WHAT TO PRODUCE:
Output the whole listing below exactly, omitting the images.

PROVIDED RECORDS:

::::::::::

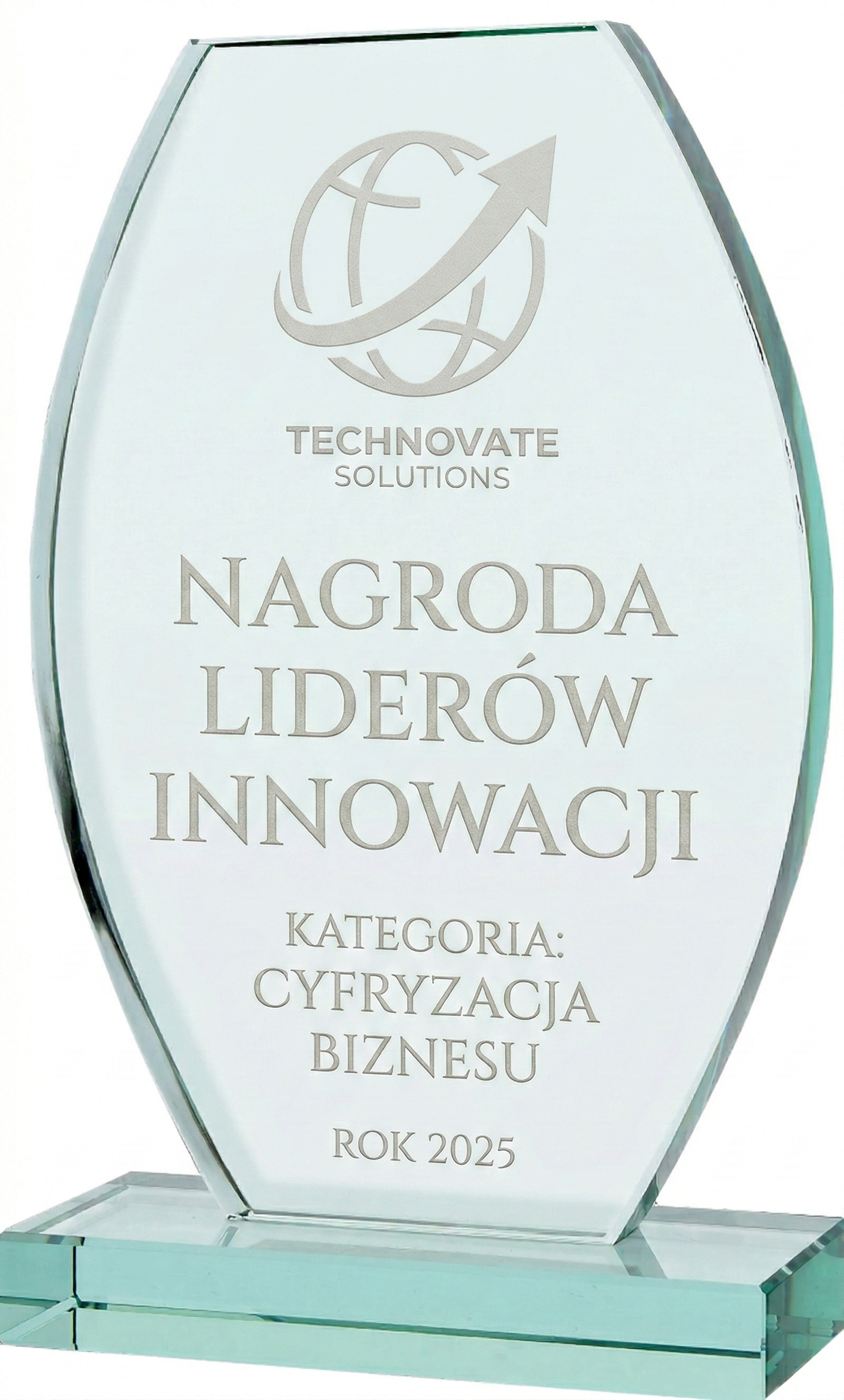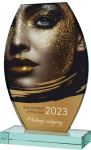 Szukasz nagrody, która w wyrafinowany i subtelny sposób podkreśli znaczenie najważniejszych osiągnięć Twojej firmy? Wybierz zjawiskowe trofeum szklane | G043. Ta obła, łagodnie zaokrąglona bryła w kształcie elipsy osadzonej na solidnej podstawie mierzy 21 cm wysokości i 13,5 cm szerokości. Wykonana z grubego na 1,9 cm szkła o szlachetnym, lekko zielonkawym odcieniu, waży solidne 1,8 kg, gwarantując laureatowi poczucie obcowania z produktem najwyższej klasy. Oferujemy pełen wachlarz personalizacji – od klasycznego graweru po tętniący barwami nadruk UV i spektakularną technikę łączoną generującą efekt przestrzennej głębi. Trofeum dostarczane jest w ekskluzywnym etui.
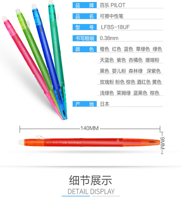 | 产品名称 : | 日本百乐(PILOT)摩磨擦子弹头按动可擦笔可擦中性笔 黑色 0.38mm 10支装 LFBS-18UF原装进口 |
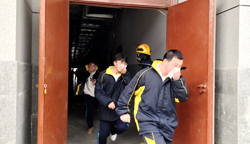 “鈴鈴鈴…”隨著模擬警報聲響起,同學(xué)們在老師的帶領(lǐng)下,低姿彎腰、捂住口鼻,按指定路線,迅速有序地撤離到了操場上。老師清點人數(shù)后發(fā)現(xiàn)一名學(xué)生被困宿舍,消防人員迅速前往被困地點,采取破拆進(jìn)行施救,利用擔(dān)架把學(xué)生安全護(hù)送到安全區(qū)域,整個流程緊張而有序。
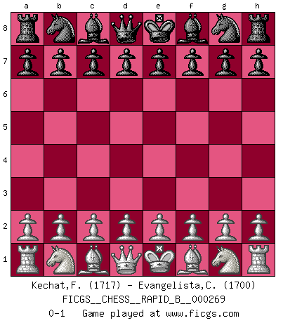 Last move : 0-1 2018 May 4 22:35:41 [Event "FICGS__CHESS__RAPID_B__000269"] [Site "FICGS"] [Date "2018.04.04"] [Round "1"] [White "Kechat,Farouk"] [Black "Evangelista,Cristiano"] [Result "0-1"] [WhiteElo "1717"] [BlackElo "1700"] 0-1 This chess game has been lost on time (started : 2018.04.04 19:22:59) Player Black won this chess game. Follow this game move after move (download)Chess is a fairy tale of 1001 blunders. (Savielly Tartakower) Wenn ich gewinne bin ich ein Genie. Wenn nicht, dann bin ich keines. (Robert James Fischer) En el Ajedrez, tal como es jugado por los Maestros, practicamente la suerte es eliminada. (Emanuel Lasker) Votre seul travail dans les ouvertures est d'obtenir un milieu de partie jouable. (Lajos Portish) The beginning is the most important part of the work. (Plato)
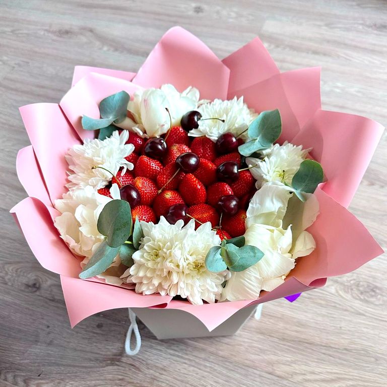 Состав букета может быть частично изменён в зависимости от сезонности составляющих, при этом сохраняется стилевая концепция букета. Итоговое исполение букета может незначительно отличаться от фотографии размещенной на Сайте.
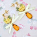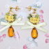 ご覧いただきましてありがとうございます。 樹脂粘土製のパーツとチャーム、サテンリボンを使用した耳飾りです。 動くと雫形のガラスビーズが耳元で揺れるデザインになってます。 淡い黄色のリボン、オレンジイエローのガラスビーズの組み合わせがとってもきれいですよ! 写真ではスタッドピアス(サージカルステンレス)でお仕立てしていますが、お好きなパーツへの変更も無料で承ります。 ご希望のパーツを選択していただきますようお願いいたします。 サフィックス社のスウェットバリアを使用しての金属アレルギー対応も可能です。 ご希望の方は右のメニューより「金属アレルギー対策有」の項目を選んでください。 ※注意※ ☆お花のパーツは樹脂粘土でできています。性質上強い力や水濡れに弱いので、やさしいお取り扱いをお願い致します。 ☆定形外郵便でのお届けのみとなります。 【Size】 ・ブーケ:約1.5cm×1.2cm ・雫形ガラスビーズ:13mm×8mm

::::::::::

RESULT BELOW:
 Szukasz nagrody, która w wyrafinowany i subtelny sposób podkreśli znaczenie najważniejszych osiągnięć Twojej firmy? Wybierz zjawiskowe trofeum szklane | G043. Ta obła, łagodnie zaokrąglona bryła w kształcie elipsy osadzonej na solidnej podstawie mierzy 21 cm wysokości i 13,5 cm szerokości. Wykonana z grubego na 1,9 cm szkła o szlachetnym, lekko zielonkawym odcieniu, waży solidne 1,8 kg, gwarantując laureatowi poczucie obcowania z produktem najwyższej klasy. Oferujemy pełen wachlarz personalizacji – od klasycznego graweru po tętniący barwami nadruk UV i spektakularną technikę łączoną generującą efekt przestrzennej głębi. Trofeum dostarczane jest w ekskluzywnym etui.
 | 产品名称 : | 日本百乐(PILOT)摩磨擦子弹头按动可擦笔可擦中性笔 黑色 0.38mm 10支装 LFBS-18UF原装进口 |
 “鈴鈴鈴…”隨著模擬警報聲響起,同學(xué)們在老師的帶領(lǐng)下,低姿彎腰、捂住口鼻,按指定路線,迅速有序地撤離到了操場上。老師清點人數(shù)后發(fā)現(xiàn)一名學(xué)生被困宿舍,消防人員迅速前往被困地點,采取破拆進(jìn)行施救,利用擔(dān)架把學(xué)生安全護(hù)送到安全區(qū)域,整個流程緊張而有序。
 Last move : 0-1 2018 May 4 22:35:41 [Event "FICGS__CHESS__RAPID_B__000269"] [Site "FICGS"] [Date "2018.04.04"] [Round "1"] [White "Kechat,Farouk"] [Black "Evangelista,Cristiano"] [Result "0-1"] [WhiteElo "1717"] [BlackElo "1700"] 0-1 This chess game has been lost on time (started : 2018.04.04 19:22:59) Player Black won this chess game. Follow this game move after move (download)Chess is a fairy tale of 1001 blunders. (Savielly Tartakower) Wenn ich gewinne bin ich ein Genie. Wenn nicht, dann bin ich keines. (Robert James Fischer) En el Ajedrez, tal como es jugado por los Maestros, practicamente la suerte es eliminada. (Emanuel Lasker) Votre seul travail dans les ouvertures est d'obtenir un milieu de partie jouable. (Lajos Portish) The beginning is the most important part of the work. (Plato)
 Состав букета может быть частично изменён в зависимости от сезонности составляющих, при этом сохраняется стилевая концепция букета. Итоговое исполение букета может незначительно отличаться от фотографии размещенной на Сайте.
 ご覧いただきましてありがとうございます。 樹脂粘土製のパーツとチャーム、サテンリボンを使用した耳飾りです。 動くと雫形のガラスビーズが耳元で揺れるデザインになってます。 淡い黄色のリボン、オレンジイエローのガラスビーズの組み合わせがとってもきれいですよ! 写真ではスタッドピアス(サージカルステンレス)でお仕立てしていますが、お好きなパーツへの変更も無料で承ります。 ご希望のパーツを選択していただきますようお願いいたします。 サフィックス社のスウェットバリアを使用しての金属アレルギー対応も可能です。 ご希望の方は右のメニューより「金属アレルギー対策有」の項目を選んでください。 ※注意※ ☆お花のパーツは樹脂粘土でできています。性質上強い力や水濡れに弱いので、やさしいお取り扱いをお願い致します。 ☆定形外郵便でのお届けのみとなります。 【Size】 ・ブーケ:約1.5cm×1.2cm ・雫形ガラスビーズ:13mm×8mm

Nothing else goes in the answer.